Coefficient values in Multiple Linear Regression using Neural Networks

Question

Let's say I have an input dataset of size n = 100 observations, m = 5 features where the last feature is the dependent variable and rest four are independent variable. It is a regression problem, which I intend to solve using a Neural Network. After hyperparameter optimization it came out that this specific problem has a best model, which has 1 hidden layer with 2 neurons and of course an output layer with just 1 neuron (outputting y_hat).

Everything goes well, the model is regularized to avoid overfitting and the prediction error shows satisfactory results too. Also the 10 fold cross-validation score compared to a regular multilinear regression technique is far better. So yeah, I want to keep this model as the best model.

The question is how can we now compute the coefficient values when the dimension of the data when passing through the hidden layer gets reduced.

The solution I came up with was the backward movement and solving the equation from the output layer. That is if C1, B1, B2 are the outputs from the last and hidden layers respectively and

C1 = c_0 + c_1*B1 + c_2*B2;

B1 = b1_0 + b1_1*x1 + b1_2*x2 + b1_3*x3 + b1_4*x4;

B2 = b2_0 + b2_1*x1 + b2_2*x2 + b2_3*x3 + b2_4*x4;

where, c_0, b1_0, b2_0 are intercepts for output neurons and hidden neurons respectively, and

c_1, c_2 are slopes for the output layer equation;

b1_1, b1_2, b1_3, b1_4 are slopes for the first hidden neuron and

b2_1, b2_2, b2_3, b2_4 are slopes for the second hidden neuron.
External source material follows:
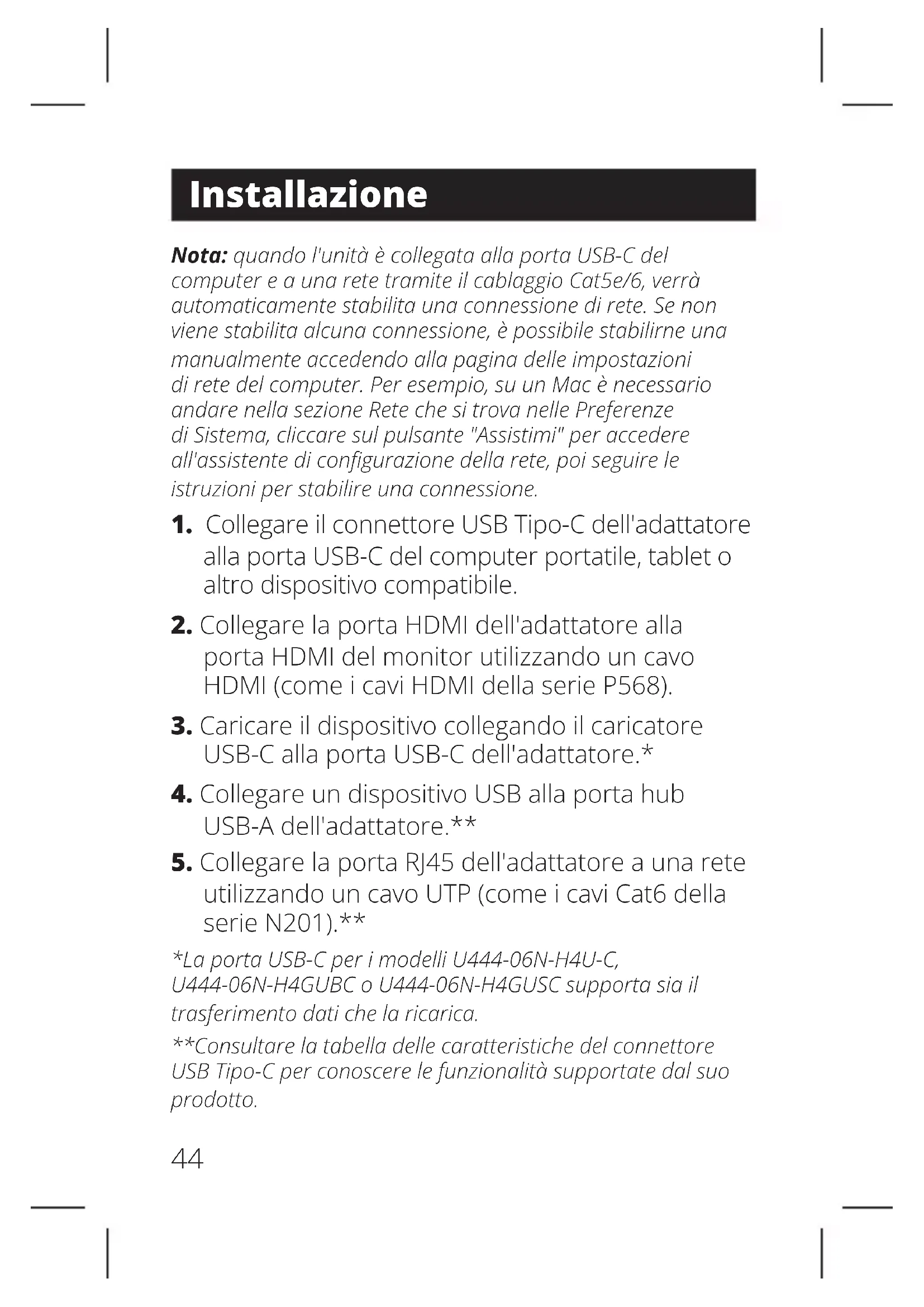 utilizzando un cavo UTP (come i cavi Cat6 della serie N201).** *La porta USB-C per i modelli U444-06N-H4U-C, U444-06N-H4GUBC o U444-06N-H4GUSC supporta sia il trasferimento dati che la ricarica. **Consultare la tabella delle caratteristiche del connettore USB Tipo-C per conoscere le funzionalità supportate dal suo prodotto.45 Modelli U444-06N-H4-C U444-06N-H4B-C U444-06N-H4U-C U444-06N-H4UB-C Connettori di ingresso USB USB-C (maschio) Supporto per la ricarica della porta USB-C

Now to find the real coefficients of the variables can we substitute values in given form?

Coefficients = c_0 + c_1*(b1_0 + b1_1 + b1_2 + b1_3 + b1_4) + c_2*(b2_0 + b2_1 + b2_2 + b2_3 + b2_4), which when solved gives us:

Coefficients = c_0 + c_1*b1_0 + c_2*b2_0 + c_1*b1_1 + c_1*b1_2 + c_1*b1_3 + c_1*b1_4 + c_2*b2_1 + c_2*b2_2 + c_2*b2_3 + c_2*b2_4

Where:

c_0 + c_1*b1_0 + c_2*b2_0 = intercept of the final equation

c_1*b1_1 + c_2*b2_1 = Coefficient for variable x1

c_1*b1_2 + c_2*b2_2 = Coefficient for variable x2

c_1*b1_3 + c_2*b2_3 = Coefficient for variable x3

c_1*b1_4 + c_2*b2_4 = Coefficient for variable x4

Please tell me if I am right and this makes sense?

Answer 1

Not sure I follow... I believe you just want the model's weights?

#this is just because some model's count the input layer and others don't
layerCount = len(model.layers)
lastLayer = layerCount - 1;
hiddenLayer = layerCount -2; 

#getting the weights:
hiddenWeights = model.layers[hiddenLayer].get_weights()
lastWeights = model.layers[lastLayer].get_weights()

Both vars above are lists with [slopes, intercepts], where slopes and intercepts will be numpy arrays.

Taking the values with predictions:

You can also, for a general value instead of values per layers, create these inputs and get their outputs:

testInput = np.array([[0,0,0,0],[1,0,0,0],[0,1,0,0],[0,0,1,0],[0,0,0,1]])

outputs = model.predict(testInput).reshape((5,))

Now you've got:

intercepts = outputs[0]
slope1 = outputs[1] - outputs[0]
slope2 = outputs[2] - outputs[0]
slope3 = outputs[3] - outputs[0]
slope4 = outputs[4] - outputs[0]

Notice that this will only make sense in models that you're sure that a no point you have a multiplication between the vars themselves.